Drive-thru Gourmet: This pizza takes a dip

This week I reached out for the Big Dipper, a new pizza from the World’s No. 1 pie man, Pizza Hut, with 10,000 restaurants in 50 states in the U.S. and 90 countries around the world.

The Big Dipper isn’t really a new pizza with different ingredients. Pizza Hut has done the Taco Bell trick, simply raided the refrigerator for the same old ingredients, just in a different shape or combination plus a catchy new name. Here’s the Big Dipper blueprint: a rectangular pizza cut into long, thin strips designed for dipping. It comes with four 3-ounce containers of marinara sauce for said dipping.

Total calories: 270 (for two strips).
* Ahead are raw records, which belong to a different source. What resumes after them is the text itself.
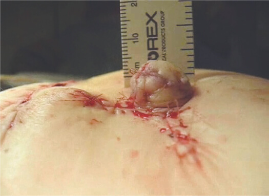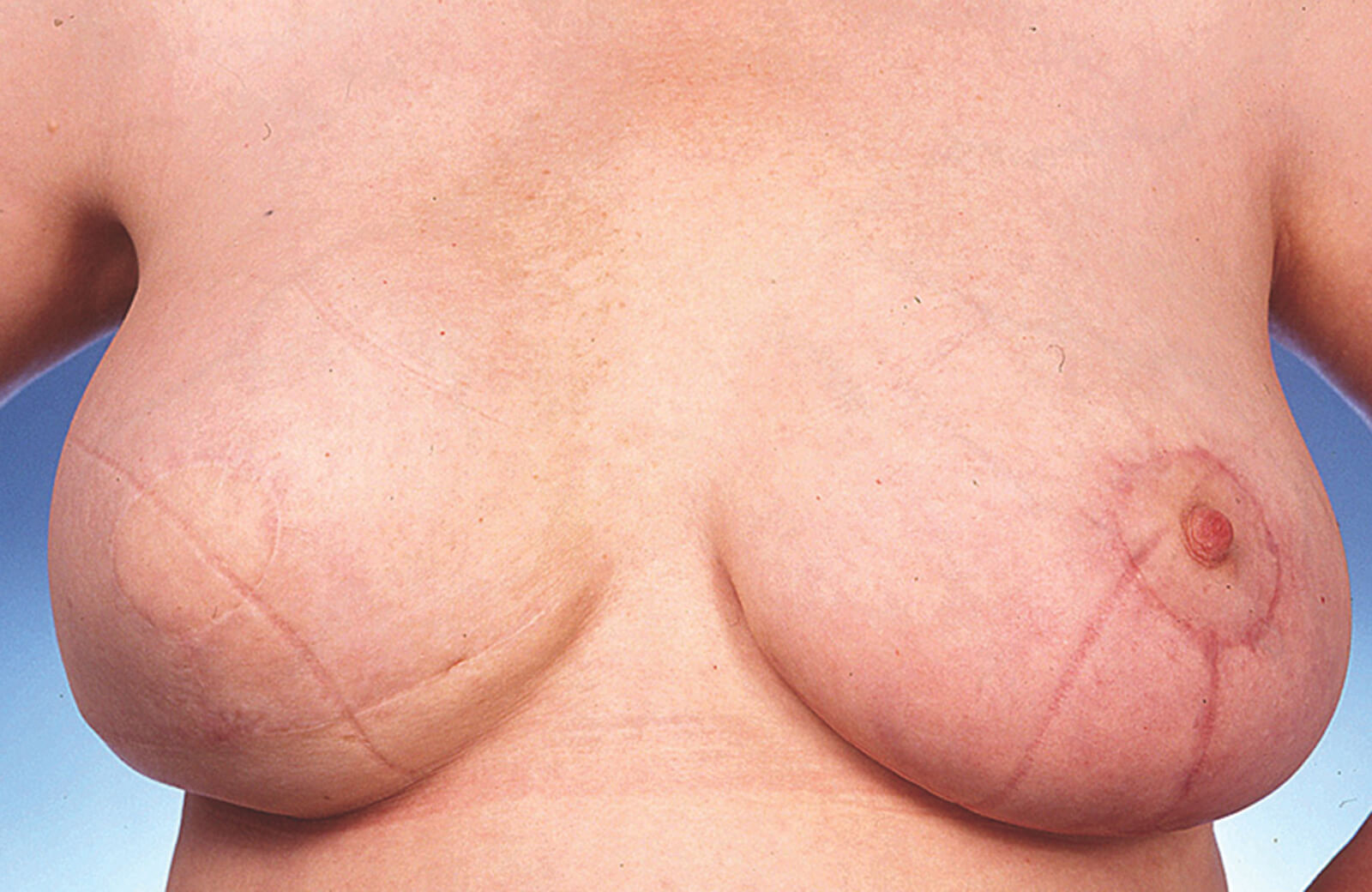 What does breast reconstruction mean? How can an organ as complicated as the breast be recreated and when can this be done? These are key questions that often go unasked and unanswered because those looking after you may think you know the answers already – but very often you don’t. Put simply, breast reconstruction is an operation in which the breast that has been taken away is replaced with something that looks like the real thing. With modern techniques surgeons can make a new breast that looks extremely lifelike – so much so that you may have to look very hard indeed to spot the difference. This is because some patients have their whole breast removed through such a small cut around the nipple that the surgeon can rebuild the new breast inside the natural skin pocket. This can leave just a tiny and almost invisible scar around the edge of the nipple (Figure 1.1).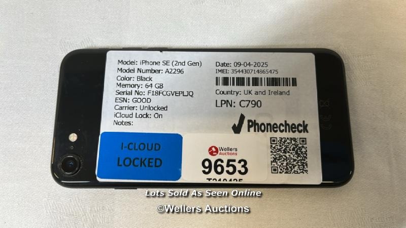 IPHONE SE(2ND GEN) A2296/ BLACK/64GB/ IMEI-354430714865475 (I-CLOUD LOCKED)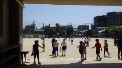 気温が上がっています。ピロティ(運動場側)のミストシャワーを使用して,熱中症対策をしています。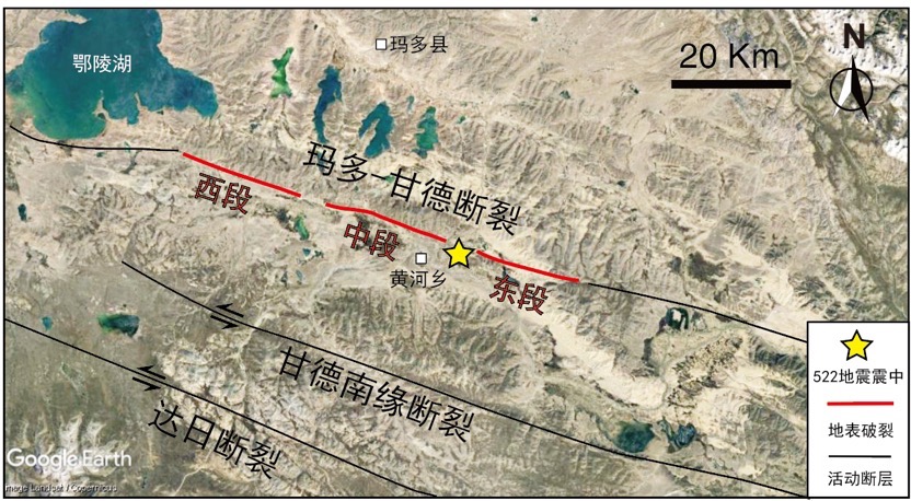經(jīng)初步調(diào)查結(jié)果顯示,本次地震為一次典型的左旋走滑型地震事件,局部伴隨正斷分量,發(fā)震斷層為巴顏喀拉地塊北側(cè)東昆侖斷裂帶東段的一條分支瑪多-甘德斷裂。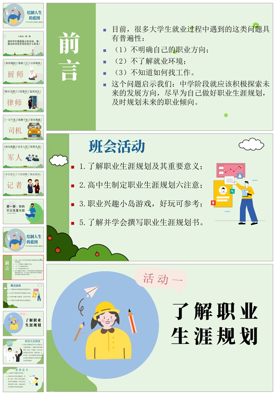 【8115】【生涯规划】《绘制人生的蓝图》中学生职业生涯规划主题班会PPT(课件+视频)

Fat grams: 10. Dietary fiber: 2. Carbs: 36. Manufacturer’s suggest retail price: $12 for a one-topping Big Dipper. Pepperoni is the favorite topping by a mile.

The Big Dipper starts with Pizza Hut’s pan-pizza dough, so it’s light and buttery. You can eat more pan pizza than pizza made with Pizza Hut’s hand-tossed crust. The Big Dipper is shaped like a Sicilian pizza but thinner and less doughy.

The Big Dipper’s 24 strips are each 2 inches wide and about 5 inches long. This is key because the pieces fit nicely in the marinara dipping cups. They’re also neater to eat, so you won’t get clown mouth, and nobody will say, “Hey, did you play the Joker in Batman?”

The quirky difference is the “build” (industry talk) of the Big Dipper. The pizza is topped with cheese and your choice of pepperoni or sausage or whatever. There is no sauce on the pizza. This makes it difficult for low-carb pizza eaters because it’s harder to pull off the toppings. The sauce is in the dipping cups. Dipping is the gimmick. Pizza Hut research shows that 57 percent of pizza eaters dip their pizza.

The big plus for a cheapskate pizza snob like me — and those qualities rarely go hand in hand; it’s what makes me so fascinating – you get a ton of pizza for $12.